Menyeberangi Selat Sunda

Suara penyanyi dangdut itu melengking seakan-akan kurang minuman berserat. Sudah dua jam di tengah ombang-ambing pasase Selat Sunda, saya dipaksa untuk duduk diam mendengarkan nyanyian yang sekenanya itu sembari memeluk tas ransel. Apa mau dikata, dangdut adalah satu-satunya hiburan yang tersedia di atas dek kapal ini.

Perjalanan dari Jakarta berhenti sesaat saja di Merak, tempat di mana kami berkesempatan untuk meluruskan kaki turun dari bus. Berita bagus seharusnya. Namun sesudah dua jam berlalu, kapal berkarat yang penuh sesak ini terasa jauh lebih buruk daripada bus.
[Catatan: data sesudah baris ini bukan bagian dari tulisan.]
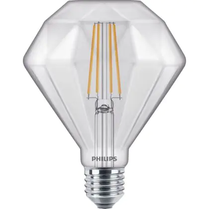 Philips Vintage Classic LED Globe E27 Diamond Filament Clear 95mm 5W 500lm - 827 Extra Warm White | Dimmable - Replaces 40W

Dua jam sisanya, saya lebih memilih menghabiskan waktu bersandar di buluh-buluh besi berkarat menatap ke lautan lepas di seberang sana. Malam itu begitu gelap tidak nampak sesuatu apapun di lautan yang terlihat agak tenang ini.

Pendar-pendar cahaya kecil di seberang selat menyiratkan harapan dadakan. Nampaknya kami sudah hampir bersandar di Bakauheuni. Saya melirik ke arloji. Hampir pukul empat pagi. Selamat datang di daratan Sumatera, saatnya memulai petualangan berikutnya.